In my game I simply call 4e 'Chaotic Evil' 'Chaotic', hence the brackets (similarly for 'Lawful Good' which just becomes 'Lawful'). This serves to put an emphasis on the more important part of the alignment.

Turned around this means if someone wants to pick a CG alignment in 4e he'd choose 'Good' and focus on the 'fights for freedom' aspect. The alignment descriptions are broad enough to allow this.

These pairing work very well, imho. E.g. I've never felt that someone with a 3e CG alignment would ever consciously commit an evil act just because it would have been the more 'chaotic' choice.
With 3e CN it's the opposite: typically the chaotic element would be played up without any restraint, often resulting in actions that would normally considered 'evil'.
 

In our games, Lawful neutral is often a strong (I was gonna say vibrant, but that's not right for LN) force in the world. Its a "strong government" type of loyalist or nationalist that are often the driving force behind nations in our games. The byword is often "right or wrong, our country". Definitely not Lawful Good or Evil, but Unaligned doesn't really cover it either.

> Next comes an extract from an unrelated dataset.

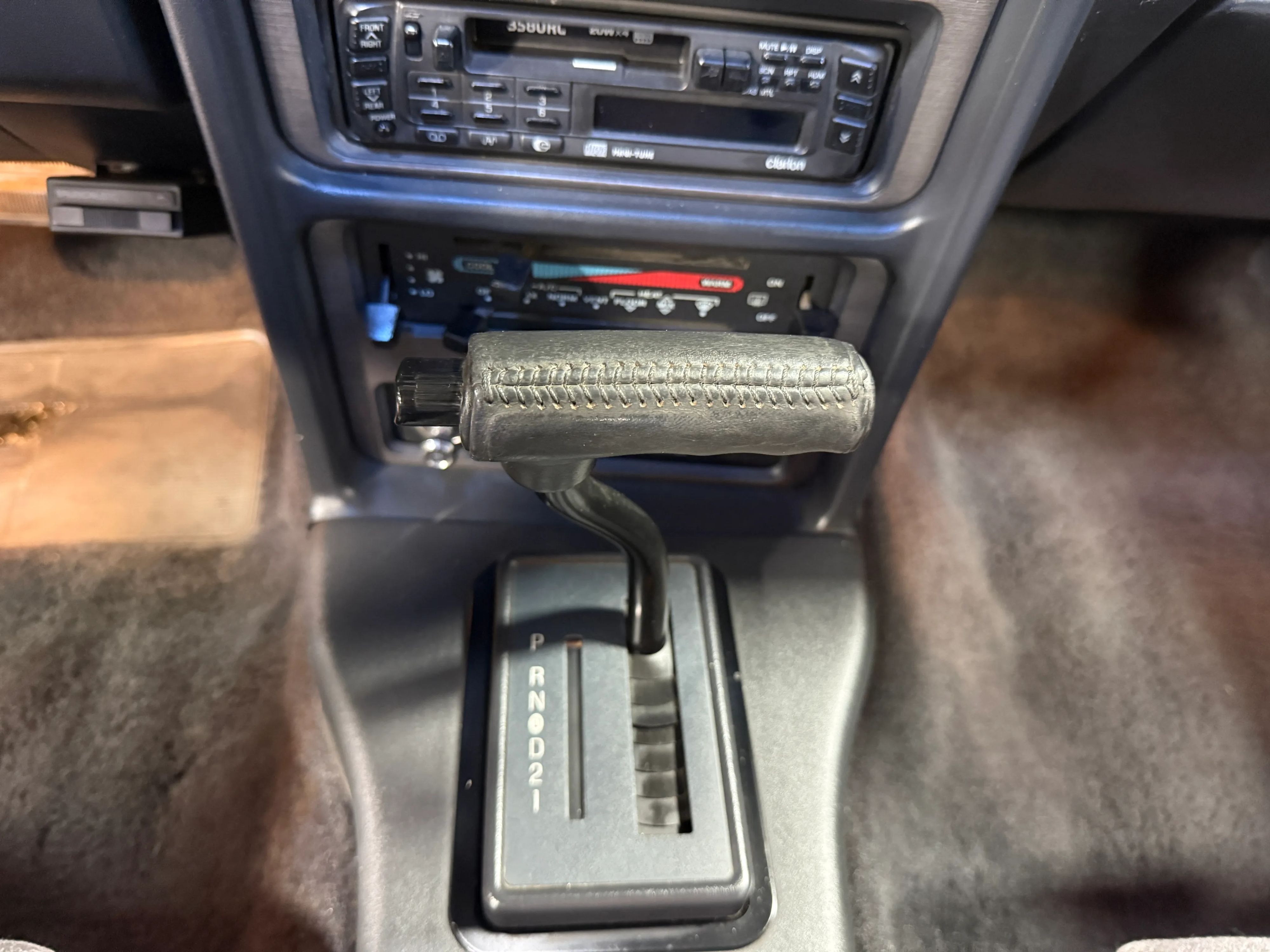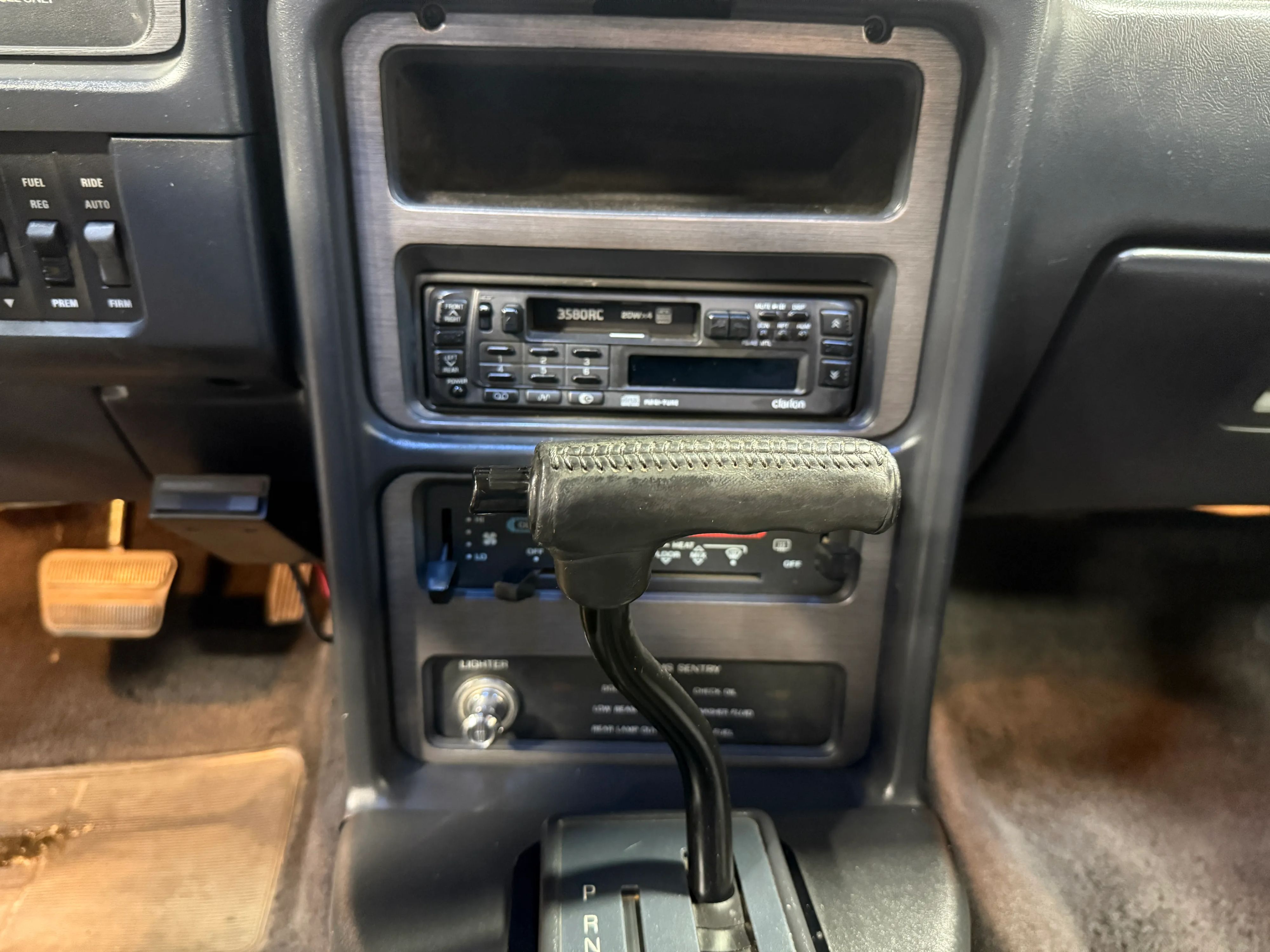 The interior presents in period-correct blue cloth with gray inserts and features power windows, power door locks, cruise control, and Fords premium sound system, enhanced with a Clarion radio head unit. The air conditioning system is intact and blows cool but could benefit from a recharge.

I also feel there is quite a strong distinction between Neutral Good (velvet gloves) and Chaotic Good (do what thou wilt), tough this is a bit harder to put into examples. And Chaotic Neutral is to me a pretty good classification of libertarian capitalism. I don't feel any of these are redundant.

But in 4E, all of this doesn't matter. I feel the 4E alignment handles are insufficient for describing alignment, but I am relieved it no longer matters. In 3E, you were sometimes punished for picking an alignment, where a Neutral character could escape consequences, and that was a price of role-playing and heroism I definitely did not like. Thus I still prefer the wishy-washy 4E system to the game-effect 3E system. If I like I can use the 3E names of the alignments (in fact, I do so), and everyone around here will still know what I'm talking about, but there is no game effect.

PS: When classifying the alignment of Corellon, Chaotic Good became Unaligned. The way Corellon is described in 4E, he still seems to be what 3E called CG, only that alignment does not exist anymore. But they did not make him Good. It seems they use a different alignment map than you, Jhaelen.
~DS.
 

Unaligned appears to be the alignment of political agendas, rather than good or evil. This makes infinite good sense, to me.

Given the number of complaints that I've heard over the years, it's a good thing that alignment has become nothing more than a role playing hand-wave. Five people can see the niceties of the same alignment in completely and fundamentally different ways. This becomes an issue when the DM and his players don't see eye-to-eye on an issue and there are real, mechanics effecting consequences to a breach of alignment. Much better that failure to follow strictures of religion and alignment result in social penalties, rather than mechanical ones.